Michael Hofmann is an artist and filmmaker working collaboratively with artificial intelligence at the intersection of media, infrastructure, ecosystems, and society. Hofmann’s creative research delves into emerging technologies such as machine learning and software-enabling objects which transform the landscape of personal reality. Data, property, and distributed networks provide the terrain for creative exploration. Previous experiences in information management and software systems administration influence ongoing filmmaking and studio art practices.

Aly Ogasian

Aly Ogasian is a Los Angeles based artist and educator.
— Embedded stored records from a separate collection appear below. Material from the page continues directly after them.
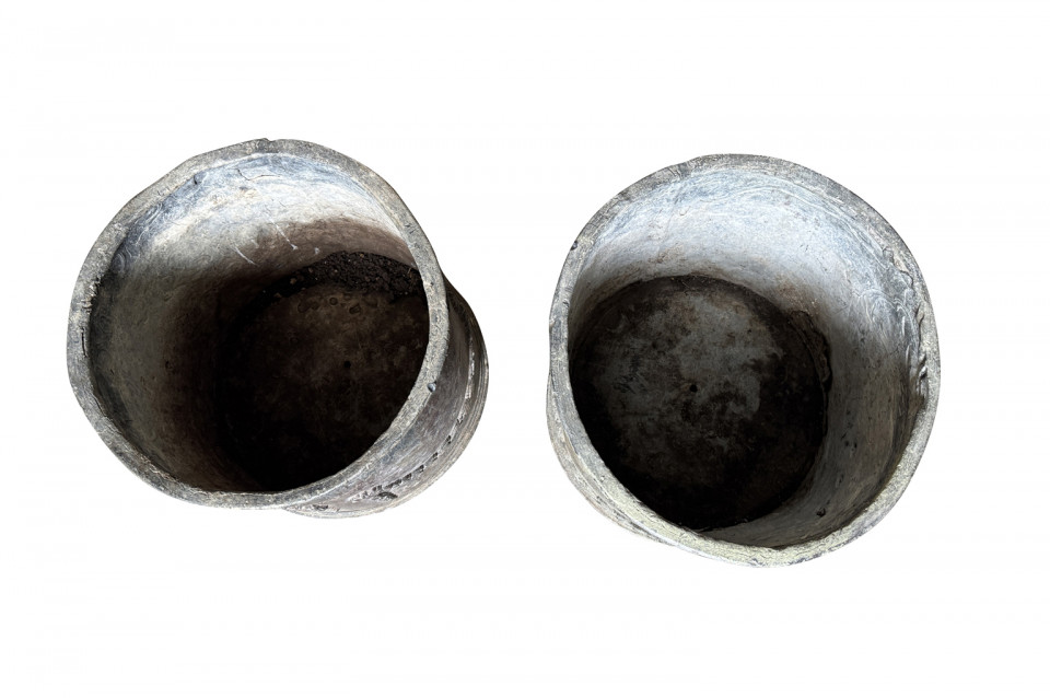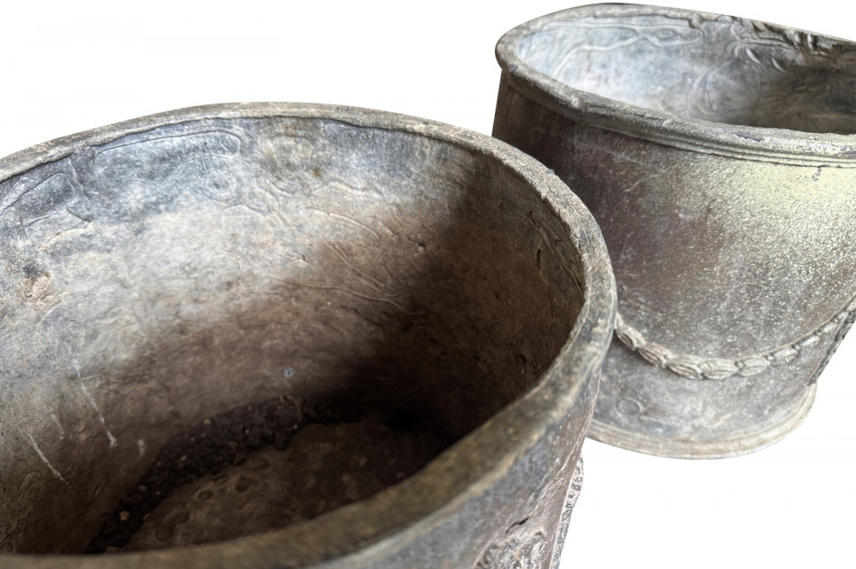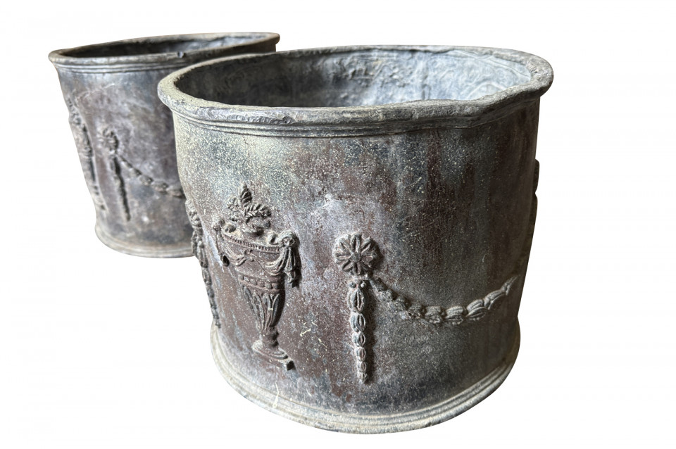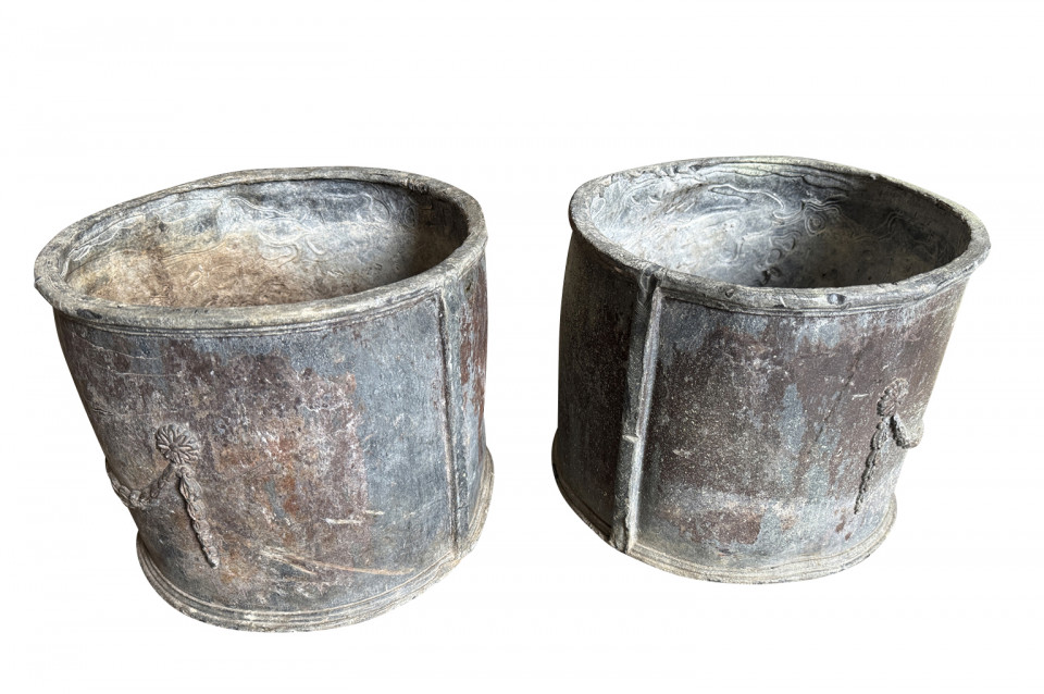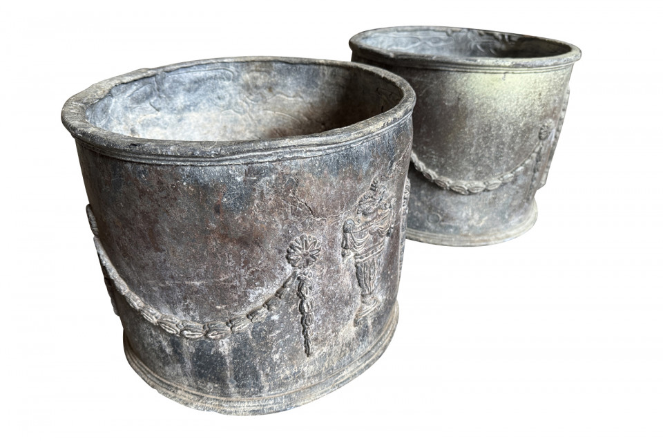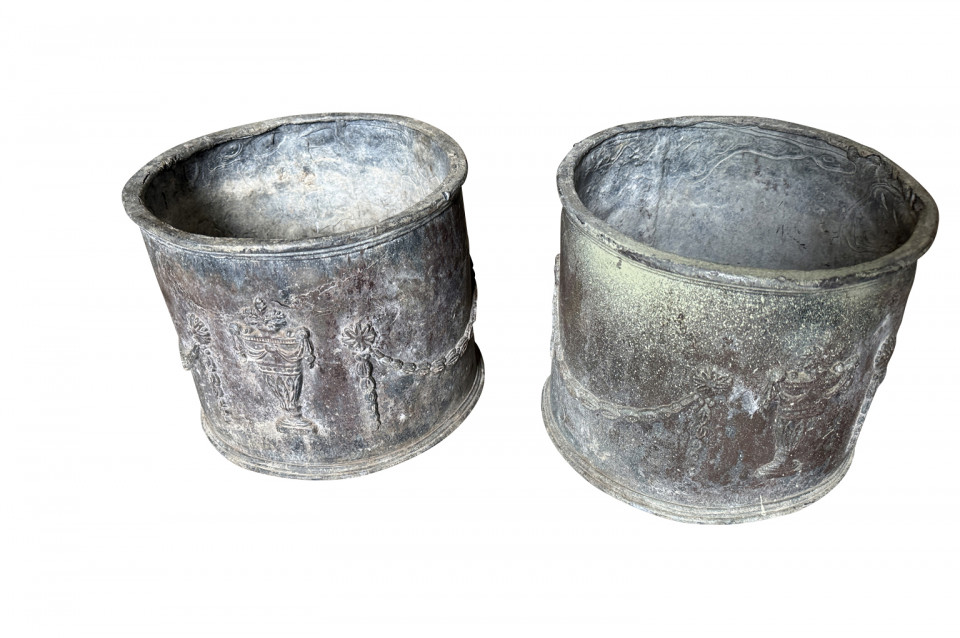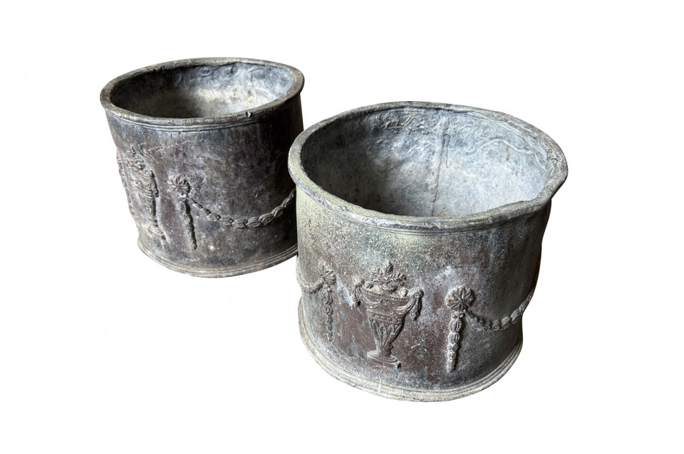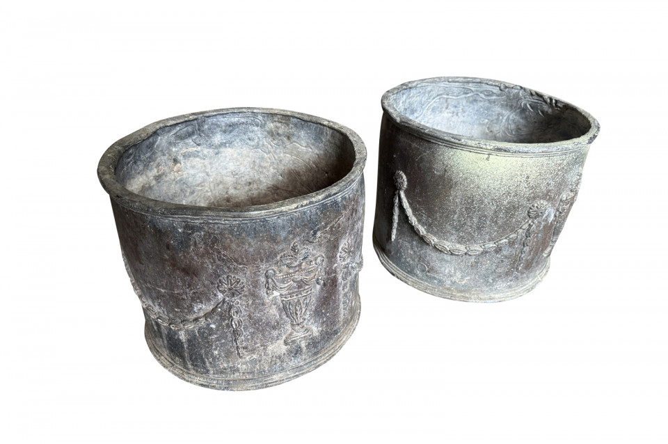 A very lovely pair of 17th century Cache Pots from the Provence region of France. Handsomely crafted in lead with decorative urns and swags. Sensational patina.
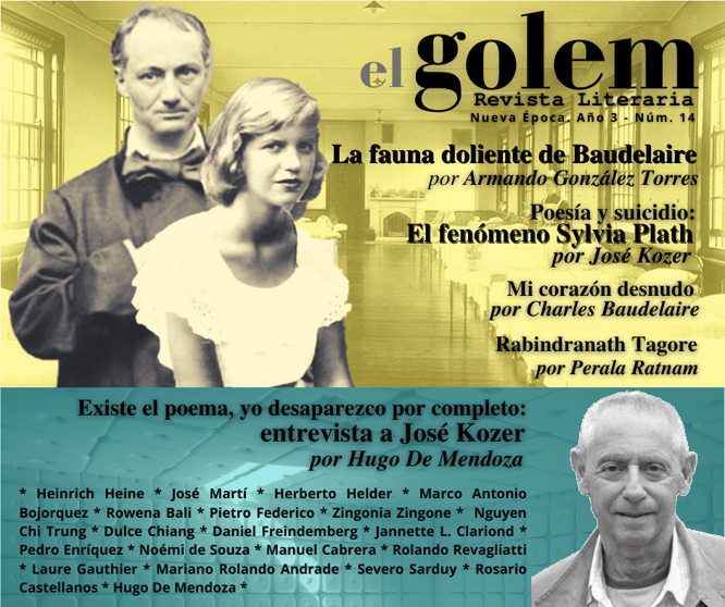 ENSAYO ● Poesía y suicidio: el fenómeno Sylvia Plath. Por José Kozer ● La fauna doliente de Baudelaire. Por Armando González Torres ● Mi Corazón desnudo (fragmentos) 200 años de Charles Baudelaire (Traducción de Agustí Esclasans) ● Rabindranath Tagore. Por Perala Ratnam ● POESÍA ● Señora Lazaro. Por Sylvia Plath (Traducción de E. L. Revol) ● Poesía de José Kozer ● Los tejedores de Silesia. Heinrich Heine (Traducción de José Martí) ● La Cuchara en la boca. Herberto Helder (Traducción de Marco Antonio Bojorquez) ● Poesía de Rowena Bali ● La mayoría de las estrellas -canto americano. Pietro Federico (Traducción de Zingonia Zingone) ● Poesía de Chi Trung (Traducción de Dulce Chiang) ● Abril (Selección de poemas) Daniel Freindemberg ● Auroras de ceniza por Jannette L. Clariond ● Poesía de Pedro Enríquez ● Deja pasar mi pueblo. Noémi de Souza (Traducción de Manuel Cabrera) ● Poesía de Rolando Revagliatti ● Kaspar de Pierre (extracto) Laure Gauthier (Traducción de Mariano Rolando Andrade) ● Poesía de Severo Sarduy ● NARRATIVA ● Lección de cocina. Rosario Castellanos ● Aparición del Tritón por Ramón Gómez de la Serna ● ENTREVISTA ● Existe el poema, yo desaparezco por completo: entrevista a José Kozer. Por Hugo De Mendoza ●
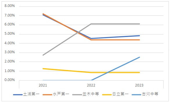 2021年~2023年 茨城県立中高一貫校 東大合格率の推移
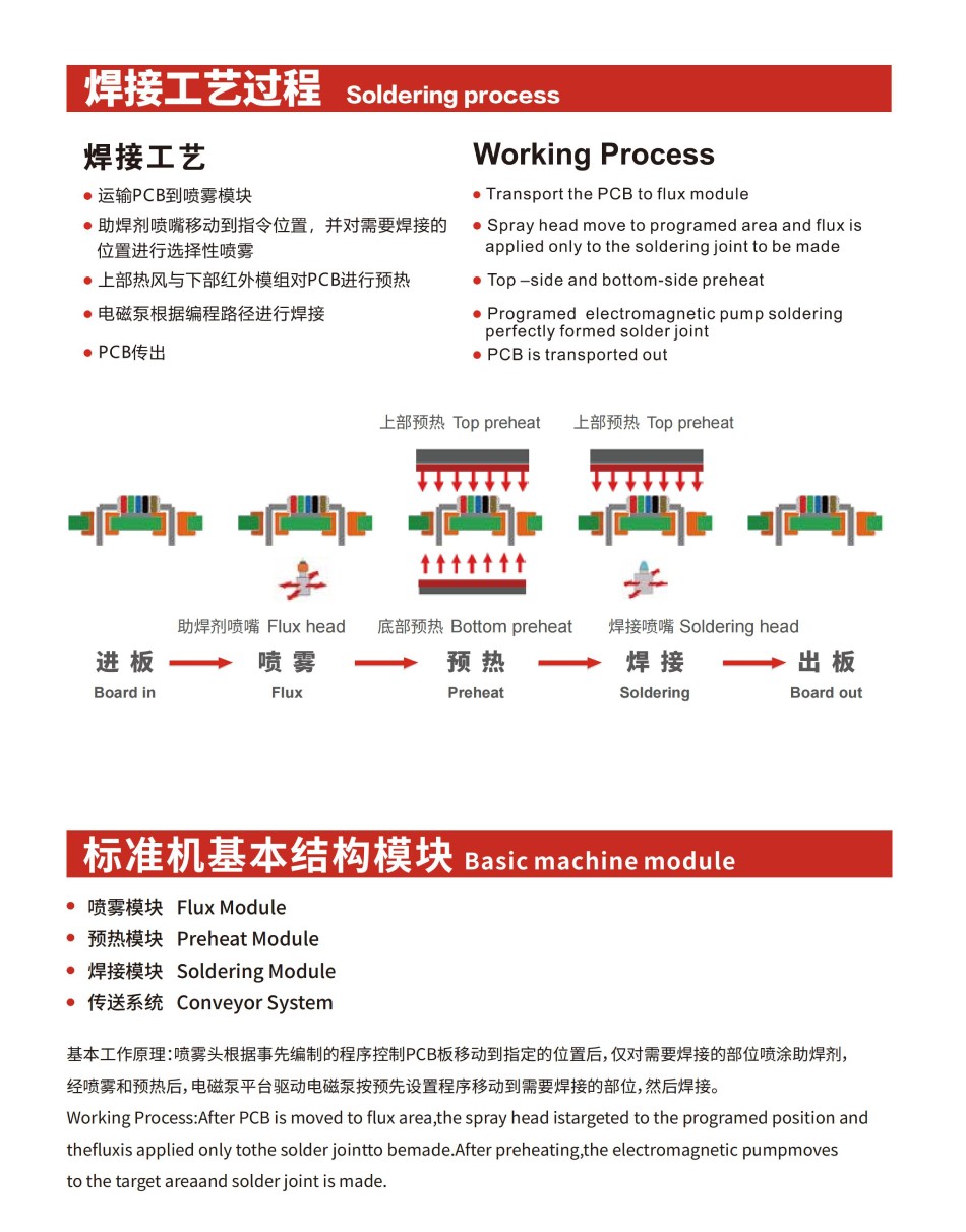 | 噴霧模塊 | 預(yù)熱模塊 | 焊接模塊 | 傳送系統(tǒng) |
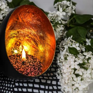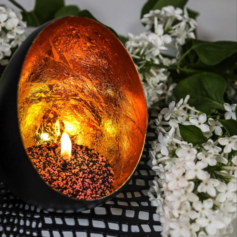 Оригинальный алюминиевый подсвечник Alien Sphere — это яркий акцент в интерьере, сочетающий в себе современный дизайн и утончённую игру света. Выполненный из прочного металла, подсвечник имеет эффектное матовое чёрное покрытие снаружи и сияющее золотое напыление внутри, создающее тёплое свечение при зажжённой свече.
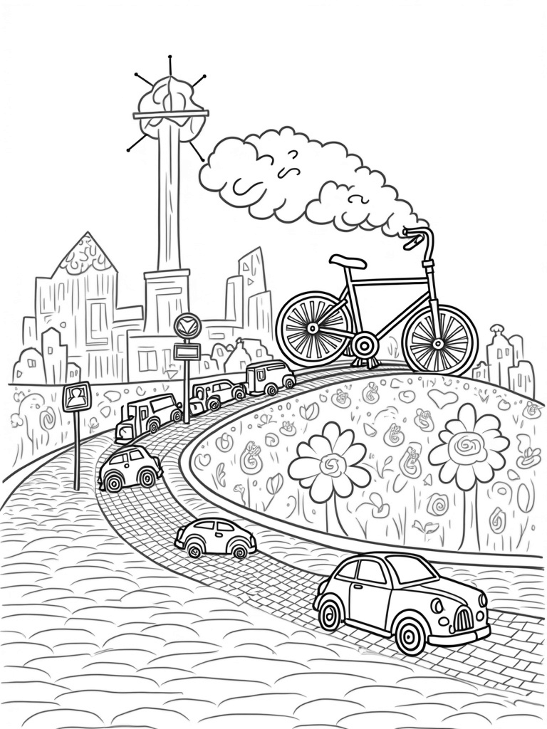 Check out this free, printable coloring page featuring a whimsical cityscape with flower cars, a giant bicycle, and a vintage train! Perfect for kids who love vehicles and creativity.
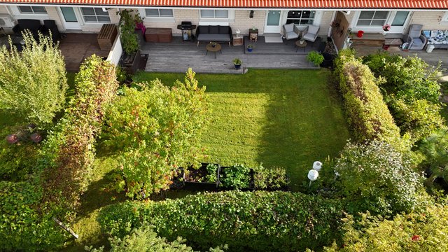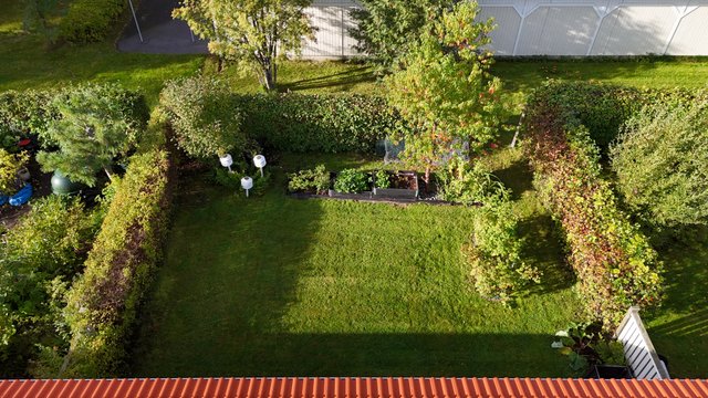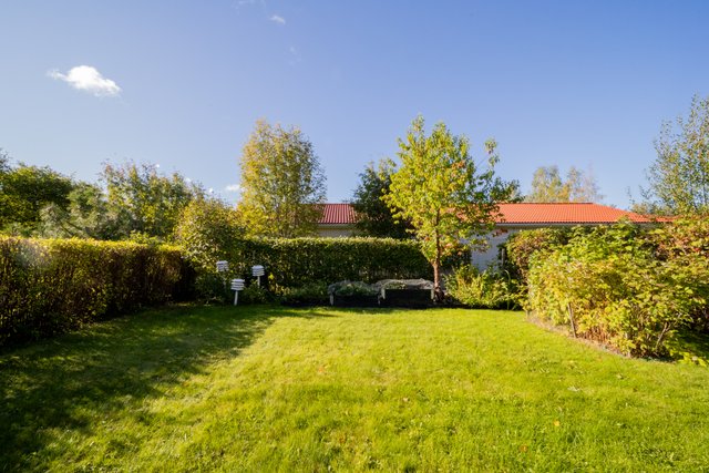 - Pensasaidoin rajatut alueet. Takapihalla on runsaasti hyötyistutuksia, mm. vadelmapensaita, marjapensaita, mansikkapenkki ja viljelyslaatikot. Etupihalla oleskelutilaa kivetyllä patiolla ja tilaa mm. polkupyörille.

She is an Assistant Professor of Art at Scripps College and Core Faculty, Intercollegiate Media Studies at the Claremont Colleges. Her practice is research driven, interdisciplinary and typically site responsive, sparking conversations about everyday life and survival in a rapidly changing environment. Recent projects critique notions of expedition in the 21st century and play with the idea of an island as a metaphor, exploring notions of adaptation and survival, community and individualism, terrestrial and extraterrestrial, nature and technology. Alongside Shona Kitchen, Ogasian was the first artist in residence at Merritt Island National Wildlife Refuge, located inside of NASA’s Kennedy Space Center.